- CPI hit a three-year high Wednesday; the 10-year is back at 4.54% and the 30-year cleared 5% as bond traders re-price the Fed path.
- The Dow shed nearly 900 points and the VIX is up 44% in five sessions — the volatility regime shifted before most strategists noticed.
- The day-ahead question isn't whether the Fed cuts. It's whether the next move is a hike — and Thursday's PPI plus jobless claims decide it.

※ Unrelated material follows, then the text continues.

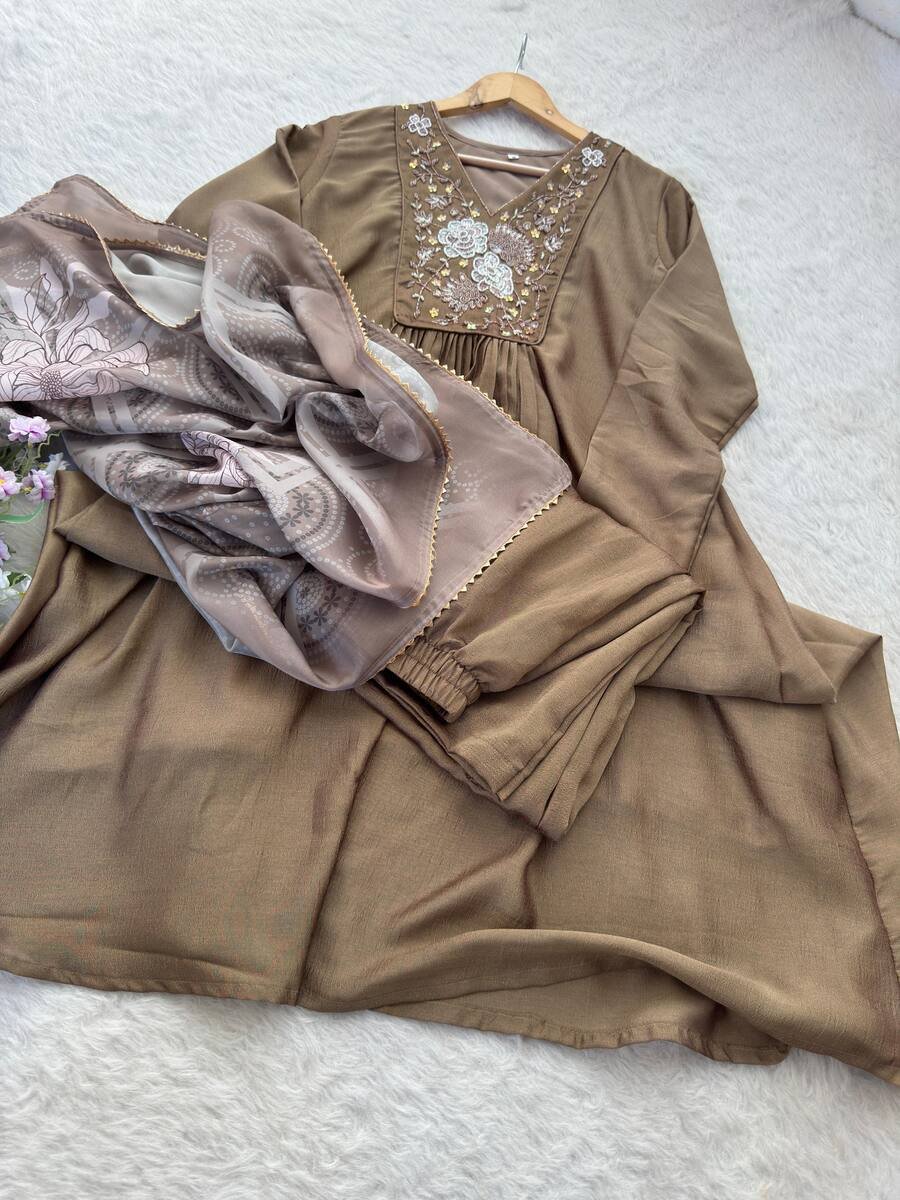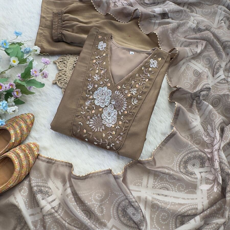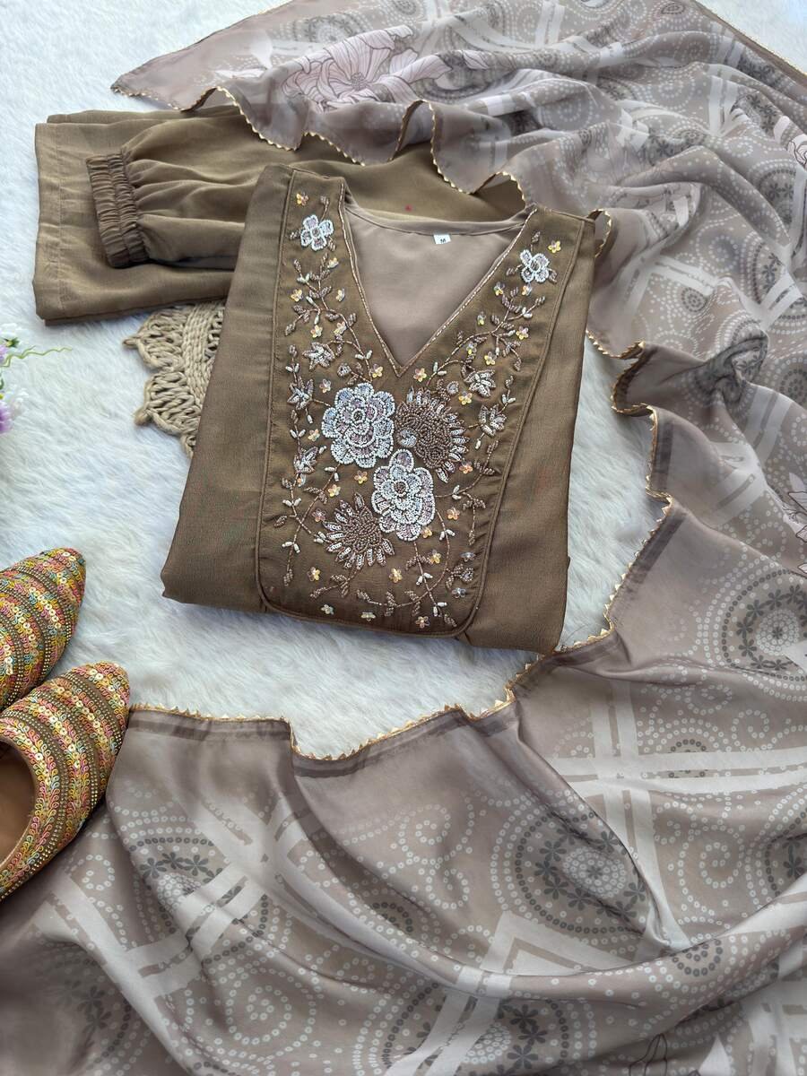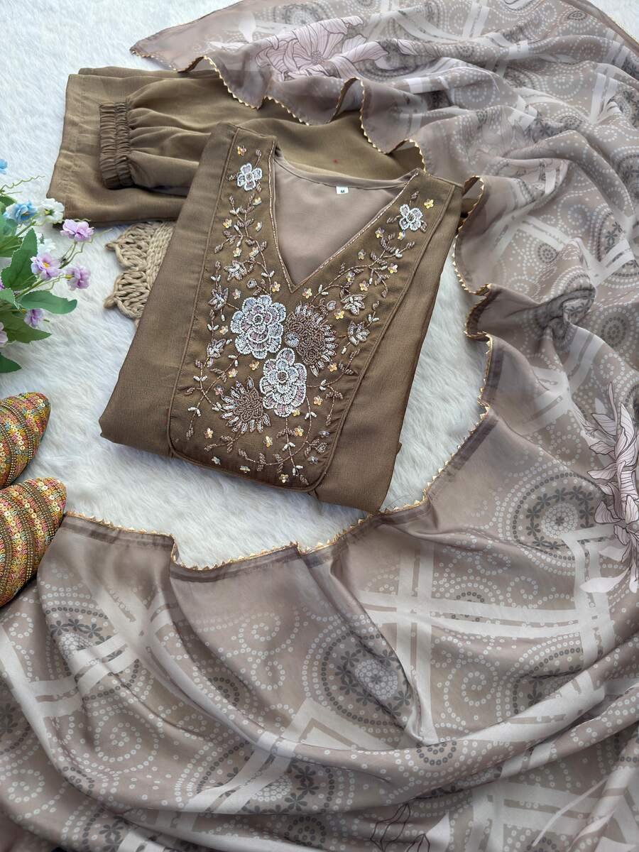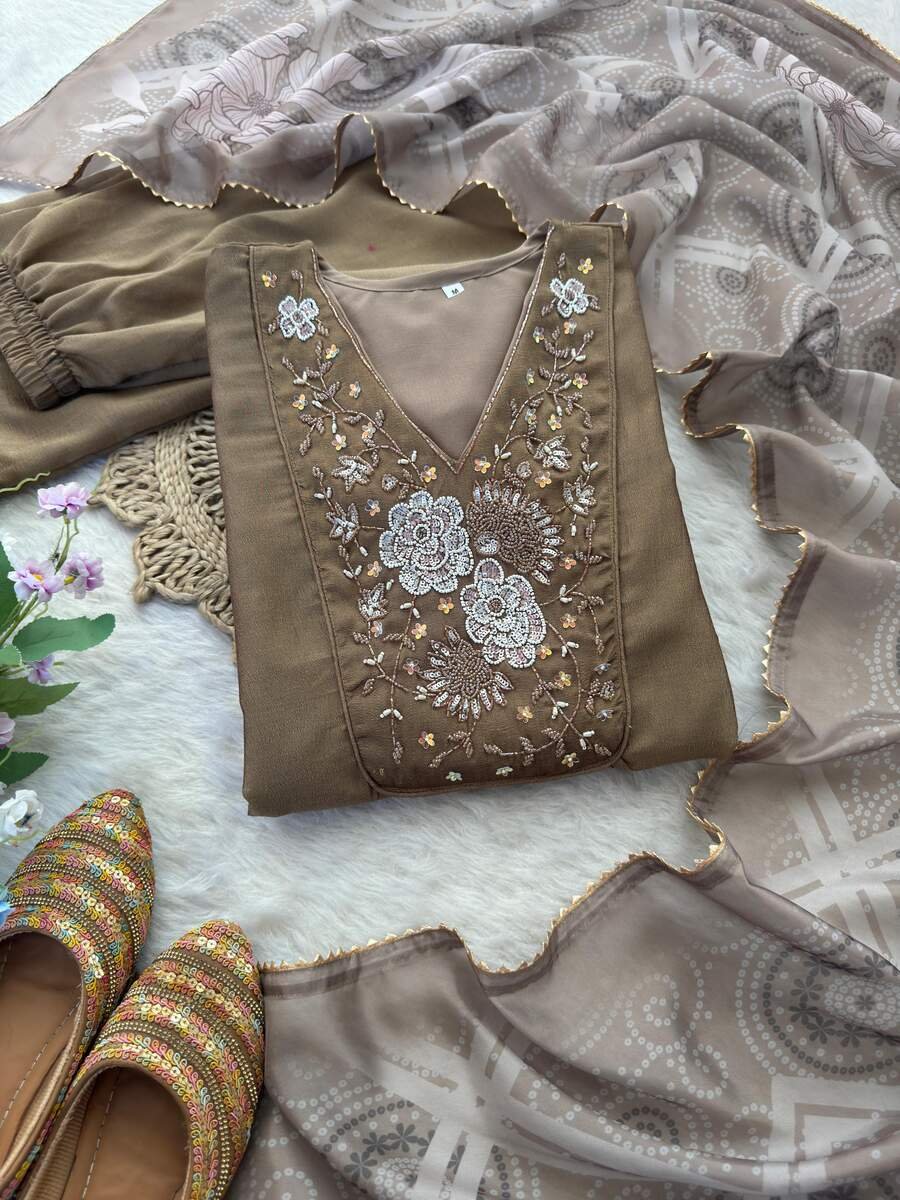 FABCY VICHITRA SILK HAND WORK A LINE GOWN PALAZZO WITH DUPATTA CHIKU

Going into Wednesday’s CPI print, futures markets had been pricing multiple Fed cuts through year-end. The print blew that up. Headline inflation rose at the fastest pace in three years per Reuters’ tally, and Bloomberg reports bond traders are now openly betting on a Fed hike this year. The Dow shed nearly 900 points into the close. The VIX, which spent most of May in the mid-teens, opened this morning at 22.22 — a 44% jump in five trading days. The rate-cut consensus didn’t soften. It cracked. The story now is whether Thursday’s PPI confirms or refutes the re-pricing.
What moved overnight
The S&P fell 1.62% to 7,267, on track for a four-session losing streak that erased most of the post-Easter rally. The Nasdaq took the heavier hit at -1.98%, with the Dow’s -1.87% (about -934 points) and Russell’s -1.10% rounding out a clean broad-tape sell-off. There was nowhere to hide.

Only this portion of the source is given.